31.1 OEBinary Format Specification

A single OEBinary version 2 record consists of a data tag, followed by the data length, and finally by the data itself. Simplifed, a single record looks like TAG|LENGTH|DATA. Embedding is accomplished by placing OEBinary records inside the data field of higher level OEBinary records.

The first byte of a tag field is used to determine the tag type. If the first byte has the value 0x0 then the tag is a user-defined type. Non-zero values indicate that the tag is reserved for use by OpenEye Scientific Software. The list of OpenEye private use tags may be requested from OpenEye Scientific Software by contacting support@eyesopen.com. Extending the OEBinary format to include new types should be done using user-defined tags. Again, a user-defined tag begins with a 0x0 byte to designate it as a user-defined tag. The tag length in number of bytes is then specified using a variable number of bytes. Valid OEBinary user defined tags must be a minimum of one non-zero byte long and less than or equal to 1024 bytes including the null terminator. The lowest seven bits of each byte are used to represent the length of the data tag. The final byte in the length specification is recognized when the high bit (0x80) is set. Tag lengths of up to 127 bytes can then be represented in a single byte, with lengths of 128 to 1023 characters stored in two bytes. The tag itself should be a sequence of non-zero bytes of the length specified in the length field. A zero value byte will be interpreted as a C string terminator and will effectively shorten the length of the intended data tag if string matching on the tag is performed.

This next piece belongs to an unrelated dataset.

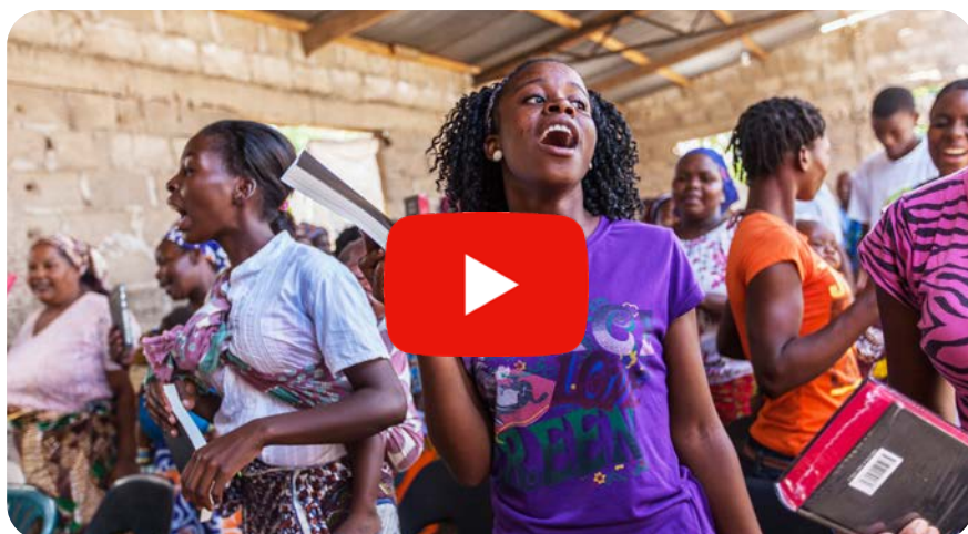
Strände, Armut und Glauben in Ostafrika – Christen in Mosambik

Viele bewegende Clips aus den Missionsländern mit interessanten Berichten und Informationen. Wir laden Sie zu einer Entdeckungsreise in unseren Youtube-Kanal ein. Auch zu Mosambik, unserem Magazin-Fokusland, werden Sie fündig.

The length field of an OEBinary record designates the length (in bytes) of the following data record. The field, as with the length of data tags, is itself specified in a variable number of bytes. The lowest seven bits of each byte are used to represent data. The terminating byte is designated by setting it's high bit (0x80). Valid lengths may be in the range from 0 up to and including 18446744073709551615 which is the maximum value for the C type long long unsigned int. In practice, dealing with data sizes at the high end of the possible range would certainly exhaust the limits of physical memory on most machines. Representing the maximum data size using the variable width technique requires 10 bytes to store the value even though the data size to store the value in memory is 8 bytes. Unused high bit terminators, therefore, are a minimal cost in terms of space and do help keep the file size to a minimum. Most data lengths in OEBinary files will be represented in only one or two bytes.

The data field of an OEBinary record can be any sequence of bytes of the length specified by the length field.